Task input section start

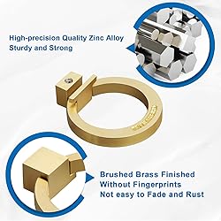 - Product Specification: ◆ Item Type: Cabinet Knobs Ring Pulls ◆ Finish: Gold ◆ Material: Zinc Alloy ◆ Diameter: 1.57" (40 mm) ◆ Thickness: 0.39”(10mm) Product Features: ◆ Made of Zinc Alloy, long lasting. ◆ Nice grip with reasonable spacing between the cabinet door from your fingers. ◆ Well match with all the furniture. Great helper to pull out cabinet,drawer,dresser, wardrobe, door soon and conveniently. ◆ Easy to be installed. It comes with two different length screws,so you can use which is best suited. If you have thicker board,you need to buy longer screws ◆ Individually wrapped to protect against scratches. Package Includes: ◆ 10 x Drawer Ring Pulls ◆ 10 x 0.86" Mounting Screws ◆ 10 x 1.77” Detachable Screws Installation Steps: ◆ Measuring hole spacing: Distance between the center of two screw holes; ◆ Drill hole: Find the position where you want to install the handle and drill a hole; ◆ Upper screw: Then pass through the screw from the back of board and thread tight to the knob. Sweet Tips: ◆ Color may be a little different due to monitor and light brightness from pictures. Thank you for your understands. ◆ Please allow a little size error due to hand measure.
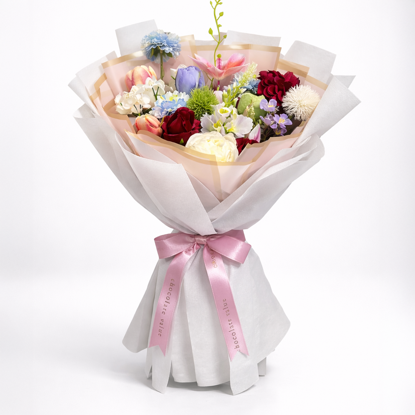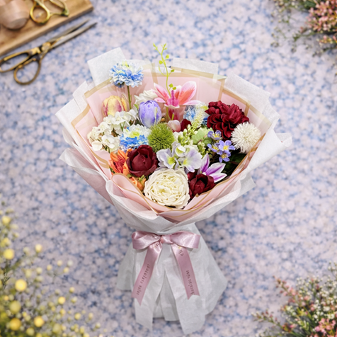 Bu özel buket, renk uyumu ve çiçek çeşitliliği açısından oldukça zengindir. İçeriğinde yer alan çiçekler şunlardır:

Task input section end
Task input section start

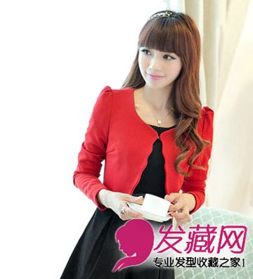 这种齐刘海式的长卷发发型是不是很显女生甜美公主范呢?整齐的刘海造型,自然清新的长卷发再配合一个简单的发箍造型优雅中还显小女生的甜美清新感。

Task input section end

Prompt:
From the records above, copy exactly the stretch from the line holding "- Product Specification: ◆" through the line holding "Bu özel buket, renk", both ends included, without the pictures.

Reply:
 - Product Specification: ◆ Item Type: Cabinet Knobs Ring Pulls ◆ Finish: Gold ◆ Material: Zinc Alloy ◆ Diameter: 1.57" (40 mm) ◆ Thickness: 0.39”(10mm) Product Features: ◆ Made of Zinc Alloy, long lasting. ◆ Nice grip with reasonable spacing between the cabinet door from your fingers. ◆ Well match with all the furniture. Great helper to pull out cabinet,drawer,dresser, wardrobe, door soon and conveniently. ◆ Easy to be installed. It comes with two different length screws,so you can use which is best suited. If you have thicker board,you need to buy longer screws ◆ Individually wrapped to protect against scratches. Package Includes: ◆ 10 x Drawer Ring Pulls ◆ 10 x 0.86" Mounting Screws ◆ 10 x 1.77” Detachable Screws Installation Steps: ◆ Measuring hole spacing: Distance between the center of two screw holes; ◆ Drill hole: Find the position where you want to install the handle and drill a hole; ◆ Upper screw: Then pass through the screw from the back of board and thread tight to the knob. Sweet Tips: ◆ Color may be a little different due to monitor and light brightness from pictures. Thank you for your understands. ◆ Please allow a little size error due to hand measure.
 Bu özel buket, renk uyumu ve çiçek çeşitliliği açısından oldukça zengindir. İçeriğinde yer alan çiçekler şunlardır:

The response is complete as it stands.